The 2010 National Management Salary Survey - a survey of 43,312 individuals in 197 organisations - published by the Chartered Management Institute (CMI) and XpertHR, reveals a labour turnover rate of 13.6%, up from 12.4% in 2009.

Resignations in the insurance sector stand at 6.2%, compared to 4.1% twelve months ago. The survey results also show that employers are failing to persuade staff to stay, with requests for ‘internal transfers’ as an alternative to leaving resting at 3.4% for the sector, against a national average of 3.6%.

Earning power in the sector has dropped dramatically in the past year, with ‘take home pay’ heavily influenced by where people work and what they do, the survey said.

Asked what lies behind this desire to change jobs, more than half the employers questioned (53.8%) admitted that restructuring and job insecurity caused many of their staff to quit.

A significant proportion (38.5%) recognised that their ‘failure to offer career opportunities and training’ contributed to employees leaving.

61.5% also admitted that their employees’ heads had been turned by head-hunters and recruitment consultants.

The survey - in its 37th year - also revealed an average salary increase of 2.7% in the insurance sector.
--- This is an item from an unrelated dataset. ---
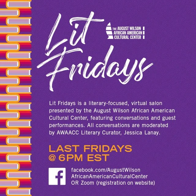 Lit Fridays is a literary-focused, virtual salon presented by the August Wilson African American Cultural Center, featuring conversations and guest performances on the last Friday* of each month at 6:00p EST via Facebook Live and Zoom Webinar. All conversations are moderated by AWAACC Literary Curator, Jessica Lanay.

Whilst it is a strong position, compared to the average national pay rise (2.%), the figure contrasts negatively with last year (4.8%), it stated.
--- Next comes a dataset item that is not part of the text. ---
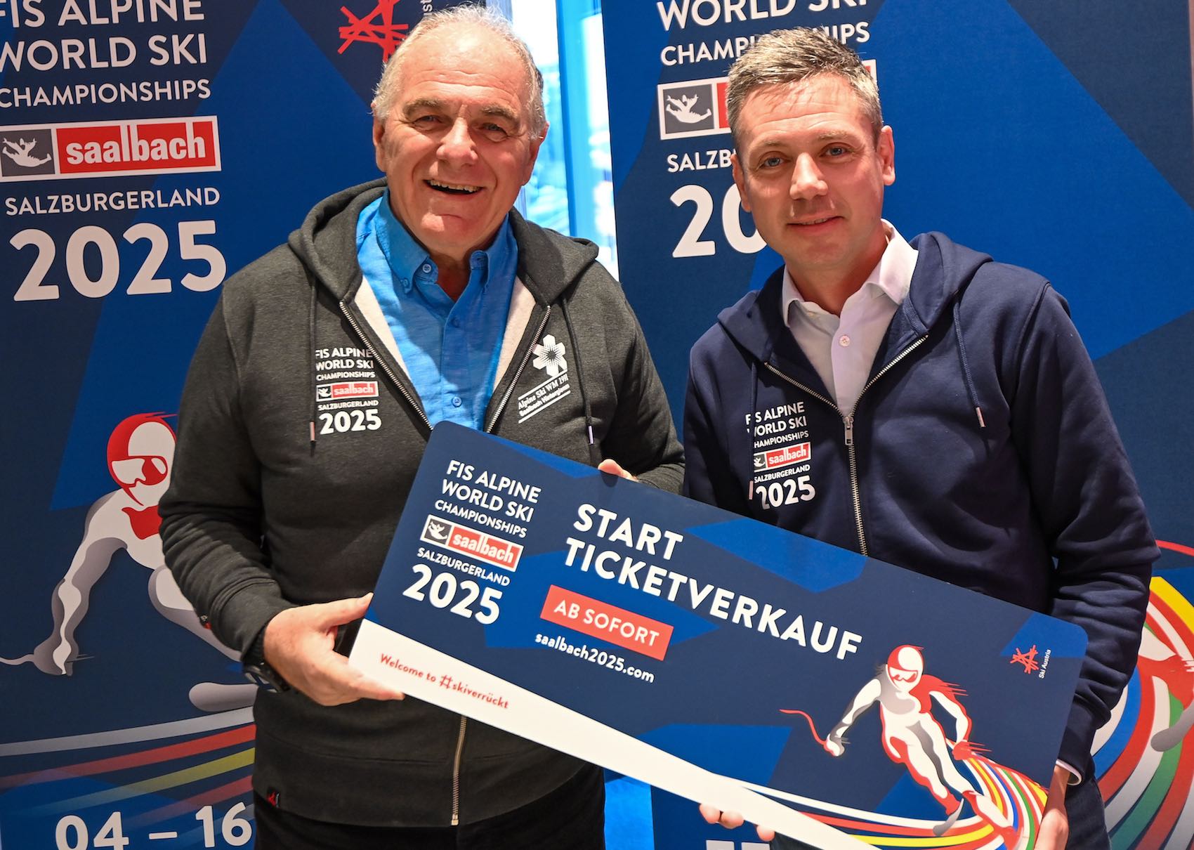 Die Vorfreude auf die FIS Alpine Ski Weltmeisterschaften 2025 in Saalbach wächst rasant, was sich auch im Ticketverkauf widerspiegelt: Bereits 50 Tage vor der Eröffnung sind 75.000 der insgesamt 150.000 verfügbaren Tickets für das Zielstadion verkauft – das entspricht rund 50 % der verfügbaren Plätze.

In real terms, the findings show an average salary of £19,788 for junior staff across in the insurance sector and £40,129 for their counterparts at team leader level.

Ruth Spellman, chief executive of the CMI, said: “A year ago employers were looking at job transfers as a way of halting growth of the dole queue. However, with the latest figures showing that staff are prepared to run the risk of unemployment by jumping ship, questions must be asked about employee engagement levels in organisations up and down the country.

“It is clearly time for business to grow up. We can no longer afford to reward people with pay rise after pay rise especially as all the evidence suggests that money isn’t the main motivator anymore. Instead, employers must concentrate on building remuneration packages that incorporate earnings with development opportunities, offer flexible approaches to work and recognition of the need to better engage with staff.”